A infertilidade só poderia ser feminina (vide Memorial do Convento)

as dádivas aos pobres

o sorriso à chegada

a obediência ao marido

a ceia de Natal com os trabalhadores

 

o ensino do criado

 
            O marido ausenta-se e deixa-a sozinha, entregue a si própria: “… dias sem fim a fazer tricot, a odiar os cães… fumando, cozendo bolos…”, “Sete anos de esposa, a passear de cá para lá”. A libertação da sua sensibilidade contida ocorre através de pequenos prazeres secretos como os passeios a cavalo e a masturbação.
            Neste contexto, Maria das Mercês aparece como inabitável, infecundo, incapaz de dar um filho ao casal.

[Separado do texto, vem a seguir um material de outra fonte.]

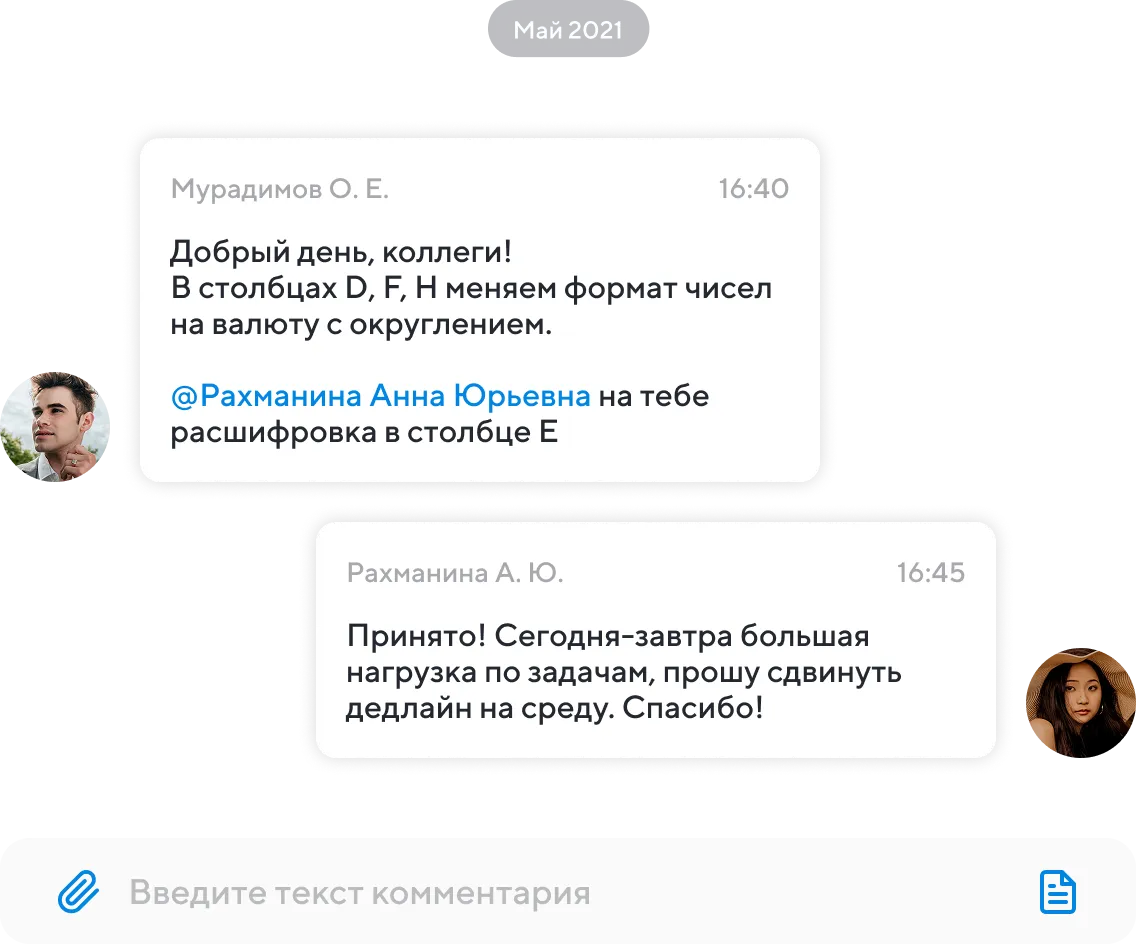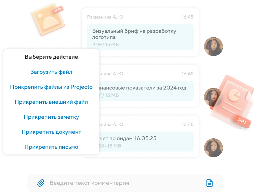 Комментируйте задачи, уточняйте детали, принимайте решения с командой в чате Projecto. Без лишних сложностей и платформ.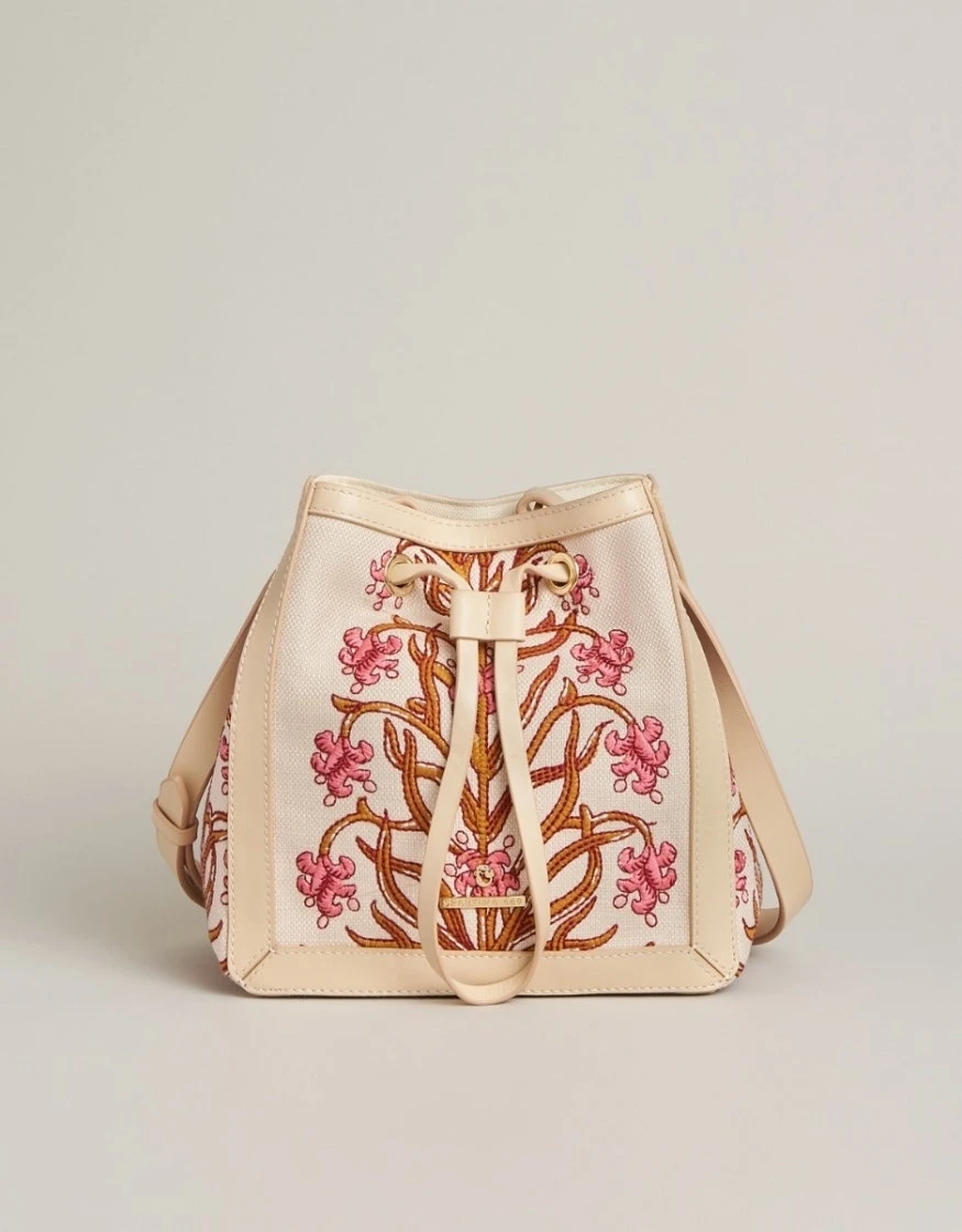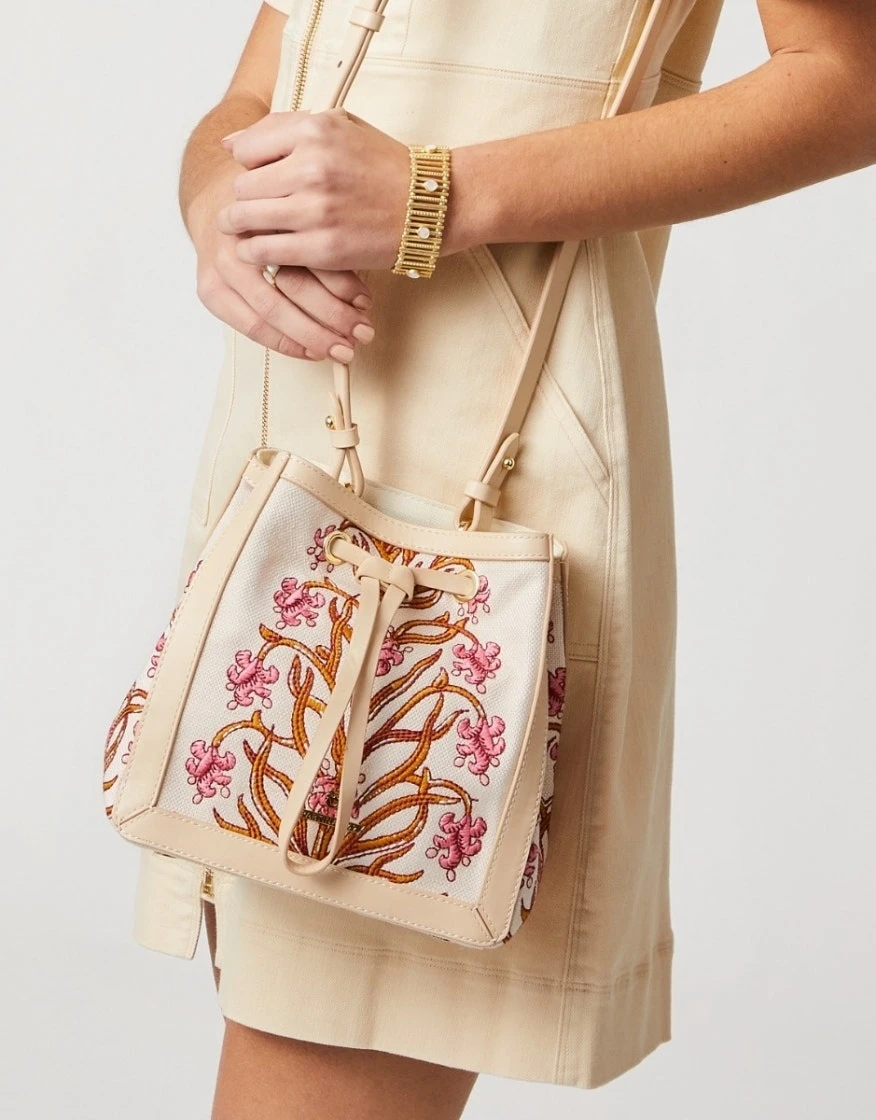 Meet the Natalie: she’s radiant in woodblock floral cotton jute, perfectly cinched with a Napa leather drawstring, and perfectly placed on your hip with an adjustable crossbody strap. Her linen interior features two slip pockets and a zip pocket.

É a voz do povo que se faz ouvir: a mulher podia arcar com a exclusividade destas culpas, ao contrário do homem, que ficaria socialmente diminuído se tal lhe acontecesse.
            Chega um momento em que ela não pode suportar mais a situação incongruente, pelo que alguma coisa terá de mudar. O mesmo teria de suceder à sociedade portuguesa da época, que vivia à margem do mundo, pelo que a mudança seria necessária, o que veio a concretizar-se com o 25 de abril de 1974, acontecimento que teria grandes repercussões na evolução do papel social da mulher.
            Por último, a vida de Maria das Mercês ficará marcada pelo «crime perfeito», como dizia o marido sempre que se referia ao caso da Dama das Unhas de Prata, que provocara a morte «post coitum», visto que ela causa o falecimento de Domingos ao relacionar-se com ele sexualmente, já que este tinha “coração de passarinho”. O que a terá levado a agir assim? O ciúme? A raiva de ser preterida? O desejo de vingança? O despertar da sua sexualidade? Se, posteriormente, se suicidou, teve um acidente durante a fuga ou foi assassinada pelo marido, ninguém o sabe.